__Exercise objective__
Once the pictures are set aside, copy the records below exactly as they stand.

__Records for the task__
<<<<

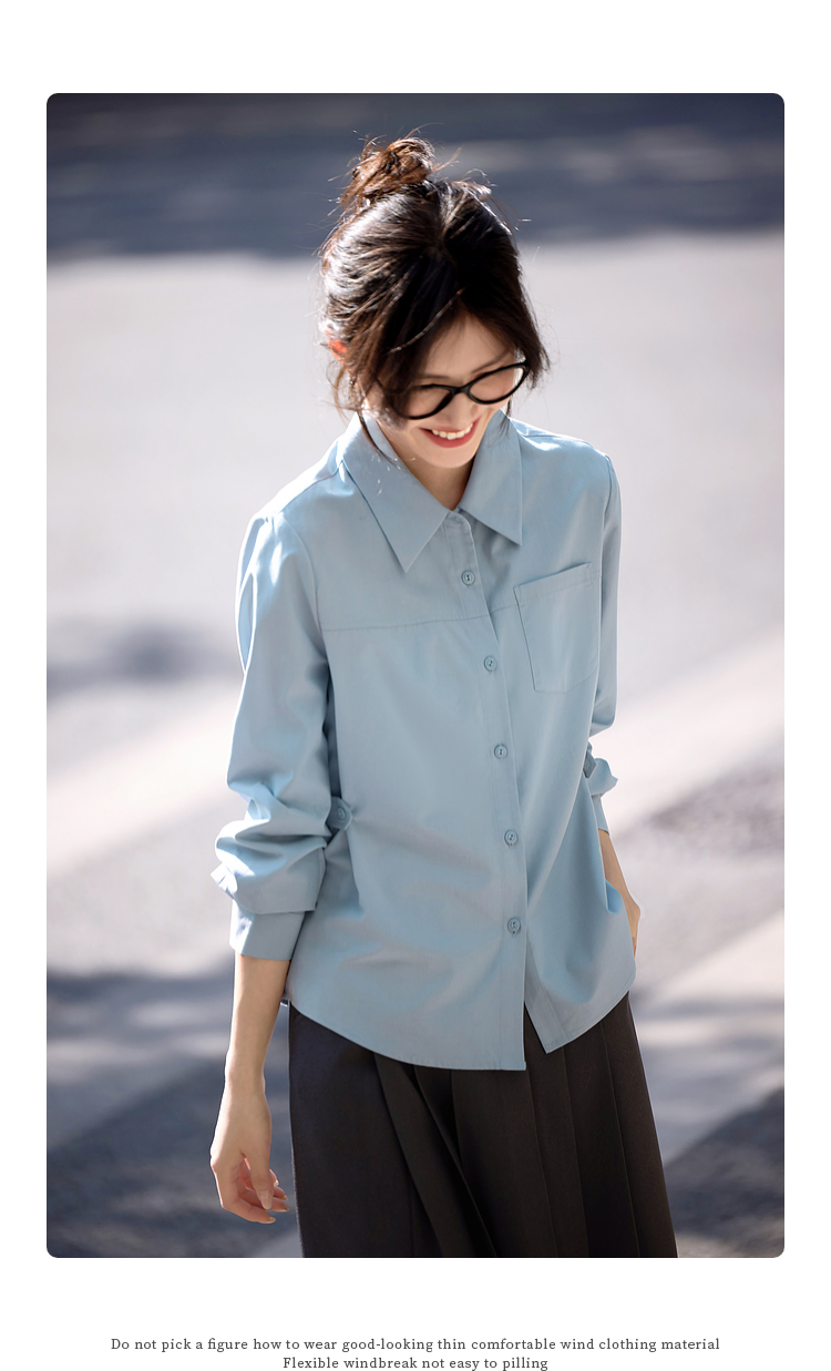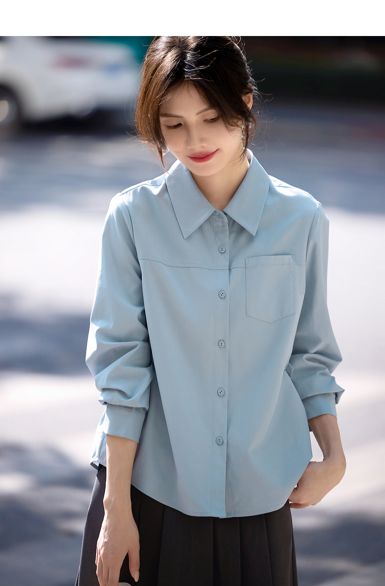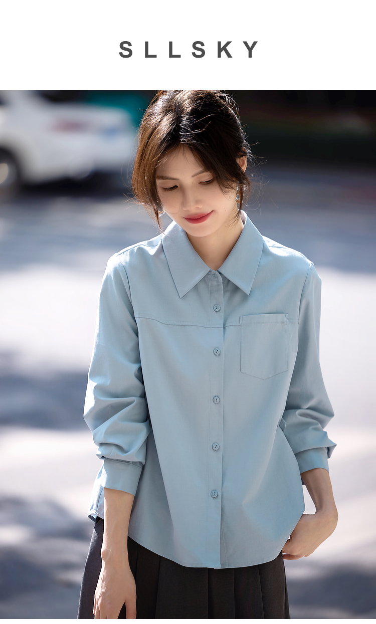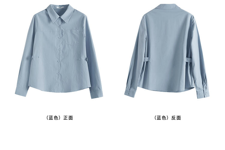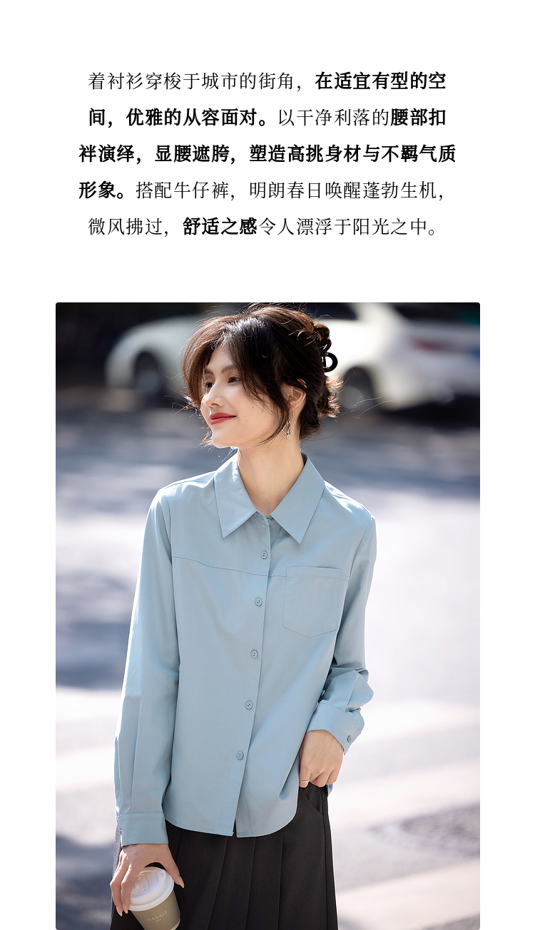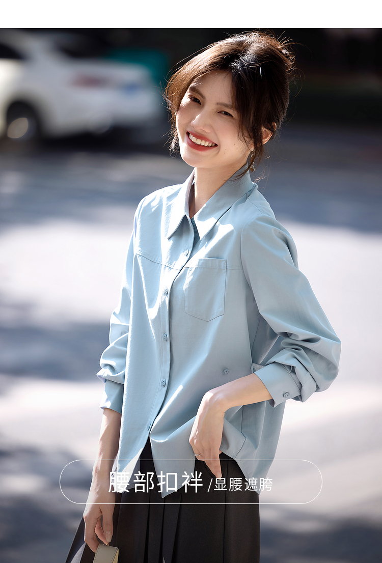 【专属特价】熙世界蓝色衬衫女款2025春秋新款法式设计感宽松休闲显瘦别致上衣
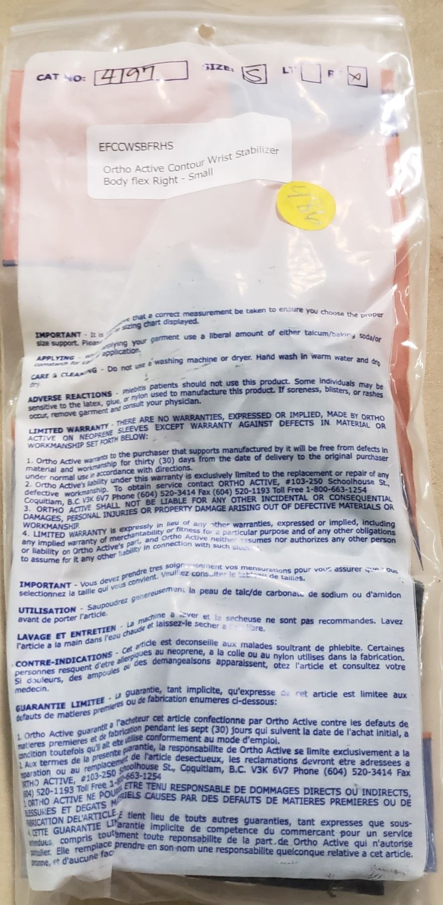 Ortho Active Contour Wrist Stablilizer Body flex Right - Small
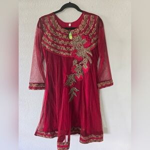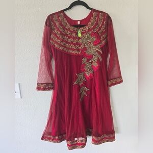This beautiful red dress with intricate embellishments is perfect for any special occasion. The dress is made from a mesh blend material and is designed in the style of an Indian salwar kameez. It is a size S and fits perfectly for women. The dress is gentle to care for and can be hand washed easily.
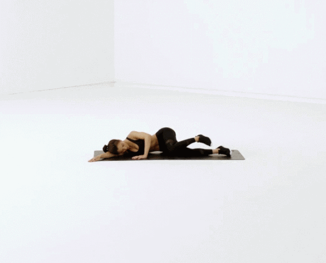 侧卧左侧前踢腿和侧卧右侧前踢腿各做30秒,平稳呼吸,保持紧绷感而不疼痛。
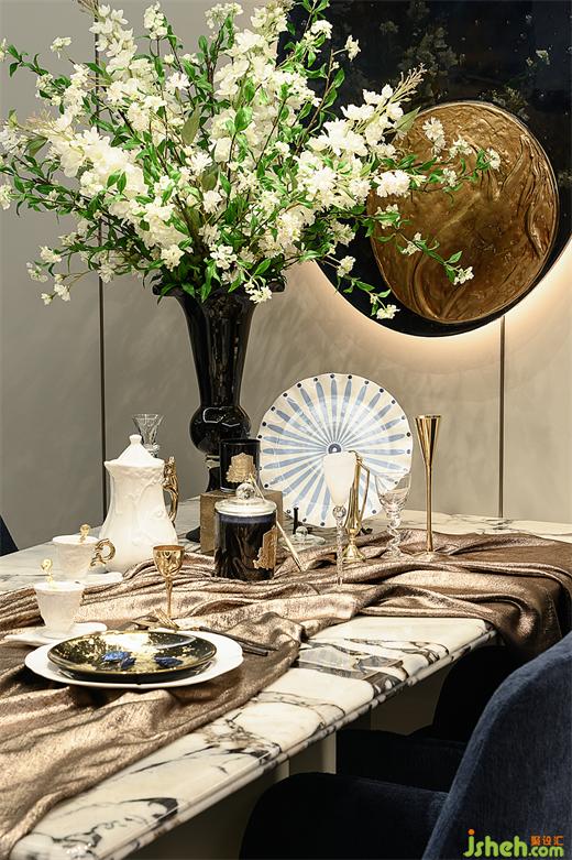 餐廳大理石餐桌上,紋理與奢華的金屬質(zhì)感交相輝映,訴説著古典與現(xiàn)代的交融。樣板房設(shè)計(jì)瓷器在柔和的光線下散髮著低調(diào)的光輝。
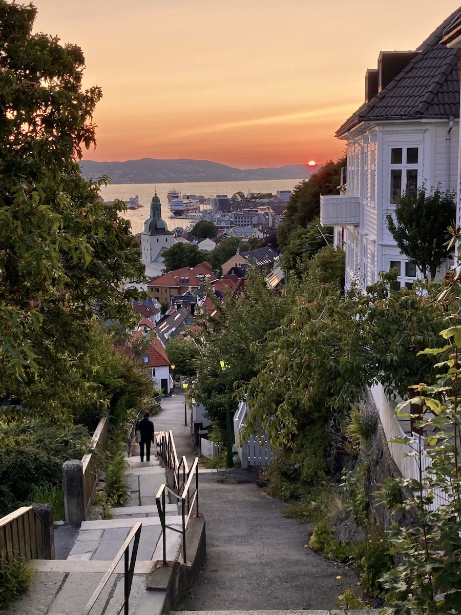 Elle doit son deuxième surnom – « ville aux 7 collines » – aux 7 collines qui l’entourent, dont Fløyen connue pour son funiculaire et la vue panoramique sur la ville.
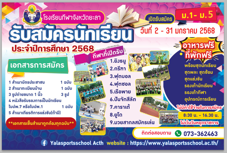 ประกาศรับนักเรียนเข้าเรียนโรงเรียนกีฬาจังหวัดยะลา ประจำปีการศึกษา 2568
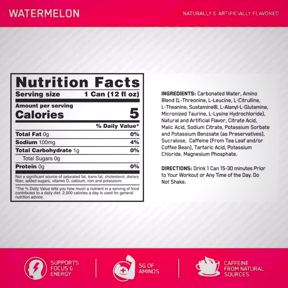 Optimum Nutrition Essential Amino Energy Drink delivers a great-tasting boost of anytime energy for wherever your day takes you. This sparkling hydration drink combines 5 grams of amino acids, 100 mg of natural caffeine, and essential electrolytes to support hydration and active living. Available in refreshing grape flavor!
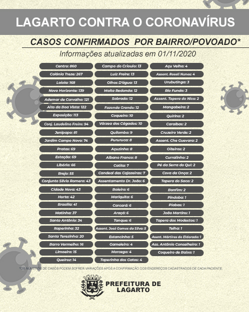 Informações da Secretaria Municipal de Saúde (SMS) de Lagarto indicam que, no último domingo, 1º, o município não registrou nenhum caso do novo coronavírus (COVID-19). Com isso, Lagarto permanece com 2.880 casos confirmados da doença desde o início da pandemia.
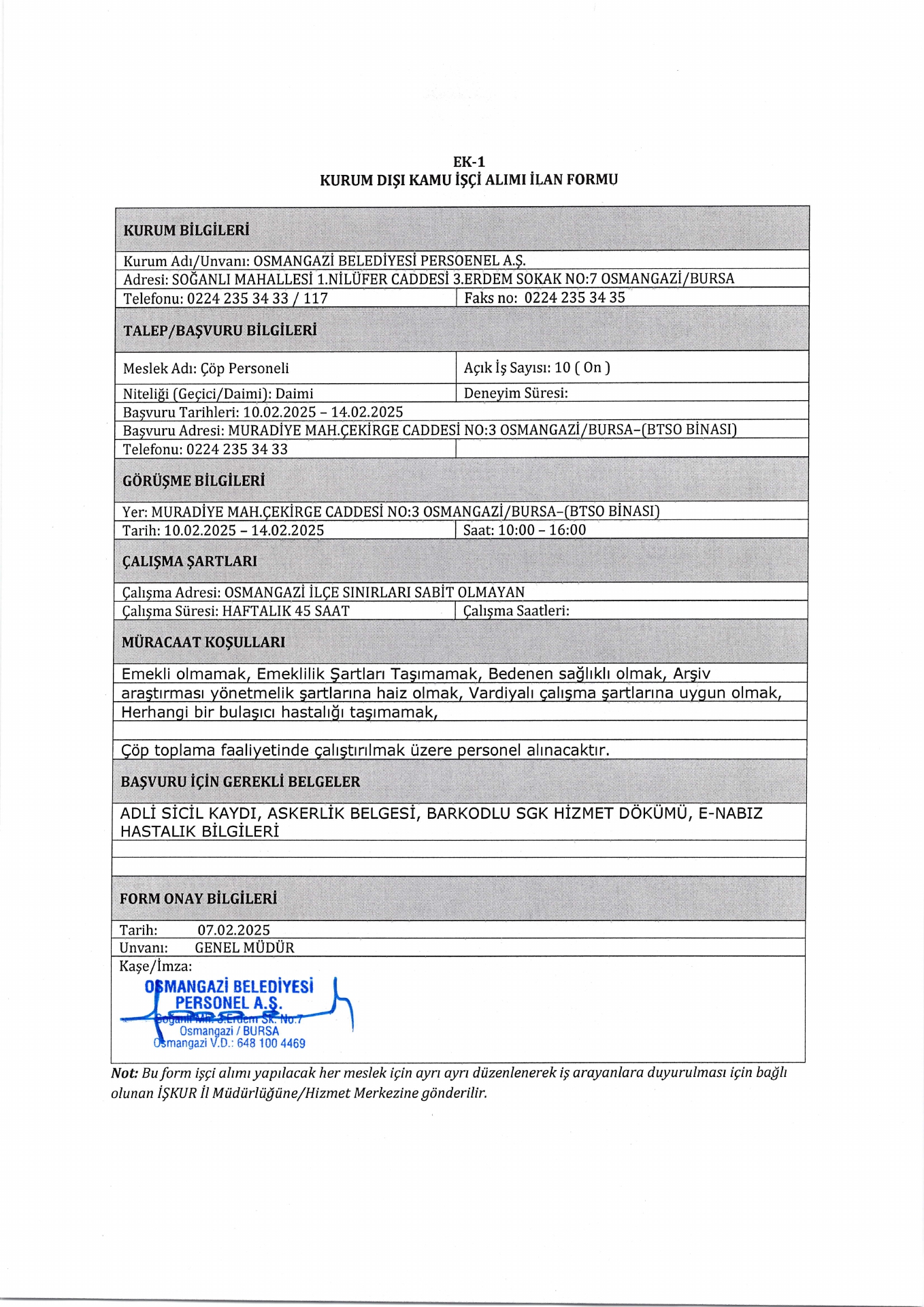 Bursa Osmangazi Belediyesi 10 İşçi Alacak. Son başvuru tarihi 14 şubat 2025
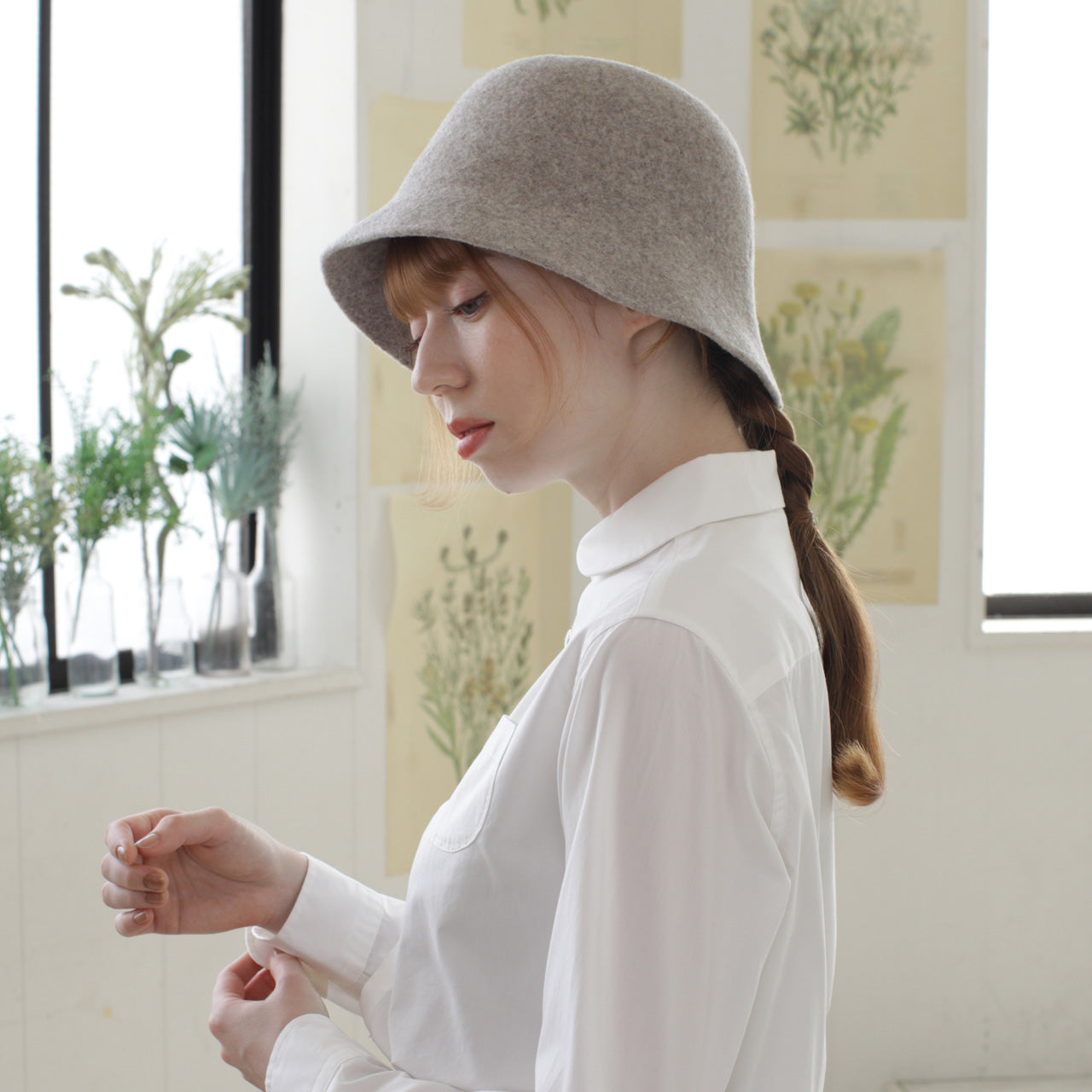ちょうどいいつば感に仕上げた帽体風のバケットハット。軽く被れるのがうれしい。
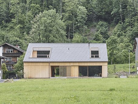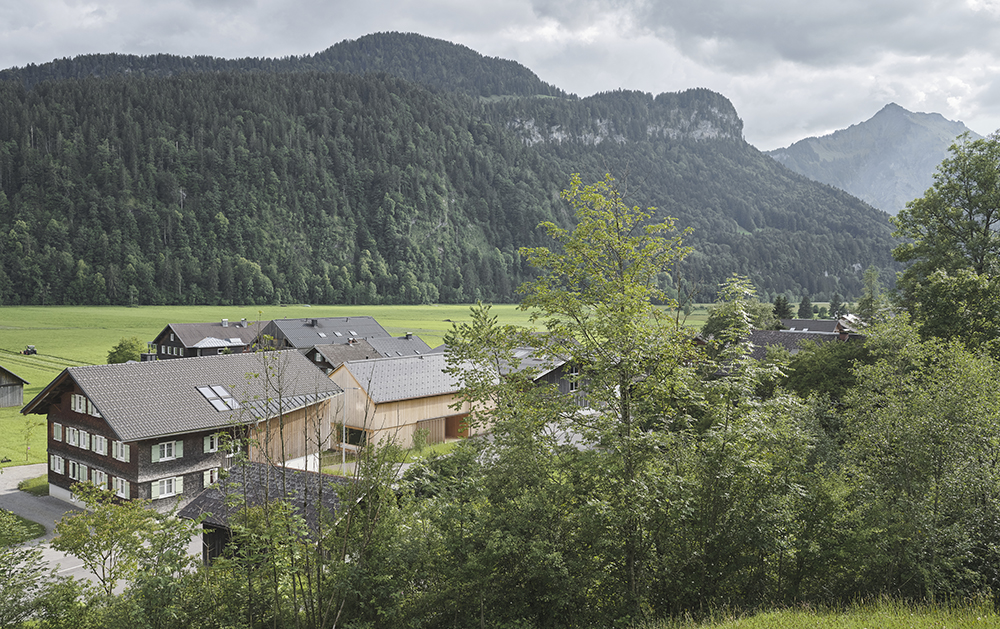 Zuerst war der Ort, dann kam das Haus. Architekt Bernardo Bader ersetzte ein baufälliges Bauernhaus in Bizau durch ein neues, das sich an die baulichen Gesetzmäßigkeiten des Ortes hält. Großteils gleich groß, großteils aus Holz, großteils mit Satteldach, den First parallel zur Straße, bilden alle Häuser gemeinsam den Charakter der Ortschaft. Wie ein Passstück fügt sich der Neubau mit dem Schirm aus unbehandelter Fichte in das Gefüge des Unterdorfs und macht es noch schöner.

>>>>

__Response__
 【专属特价】熙世界蓝色衬衫女款2025春秋新款法式设计感宽松休闲显瘦别致上衣
 Ortho Active Contour Wrist Stablilizer Body flex Right - Small
This beautiful red dress with intricate embellishments is perfect for any special occasion. The dress is made from a mesh blend material and is designed in the style of an Indian salwar kameez. It is a size S and fits perfectly for women. The dress is gentle to care for and can be hand washed easily.
 侧卧左侧前踢腿和侧卧右侧前踢腿各做30秒,平稳呼吸,保持紧绷感而不疼痛。
 餐廳大理石餐桌上,紋理與奢華的金屬質(zhì)感交相輝映,訴説著古典與現(xiàn)代的交融。樣板房設(shè)計(jì)瓷器在柔和的光線下散髮著低調(diào)的光輝。
 Elle doit son deuxième surnom – « ville aux 7 collines » – aux 7 collines qui l’entourent, dont Fløyen connue pour son funiculaire et la vue panoramique sur la ville.
 ประกาศรับนักเรียนเข้าเรียนโรงเรียนกีฬาจังหวัดยะลา ประจำปีการศึกษา 2568
 Optimum Nutrition Essential Amino Energy Drink delivers a great-tasting boost of anytime energy for wherever your day takes you. This sparkling hydration drink combines 5 grams of amino acids, 100 mg of natural caffeine, and essential electrolytes to support hydration and active living. Available in refreshing grape flavor!
 Informações da Secretaria Municipal de Saúde (SMS) de Lagarto indicam que, no último domingo, 1º, o município não registrou nenhum caso do novo coronavírus (COVID-19). Com isso, Lagarto permanece com 2.880 casos confirmados da doença desde o início da pandemia.
 Bursa Osmangazi Belediyesi 10 İşçi Alacak. Son başvuru tarihi 14 şubat 2025
ちょうどいいつば感に仕上げた帽体風のバケットハット。軽く被れるのがうれしい。
 Zuerst war der Ort, dann kam das Haus. Architekt Bernardo Bader ersetzte ein baufälliges Bauernhaus in Bizau durch ein neues, das sich an die baulichen Gesetzmäßigkeiten des Ortes hält. Großteils gleich groß, großteils aus Holz, großteils mit Satteldach, den First parallel zur Straße, bilden alle Häuser gemeinsam den Charakter der Ortschaft. Wie ein Passstück fügt sich der Neubau mit dem Schirm aus unbehandelter Fichte in das Gefüge des Unterdorfs und macht es noch schöner.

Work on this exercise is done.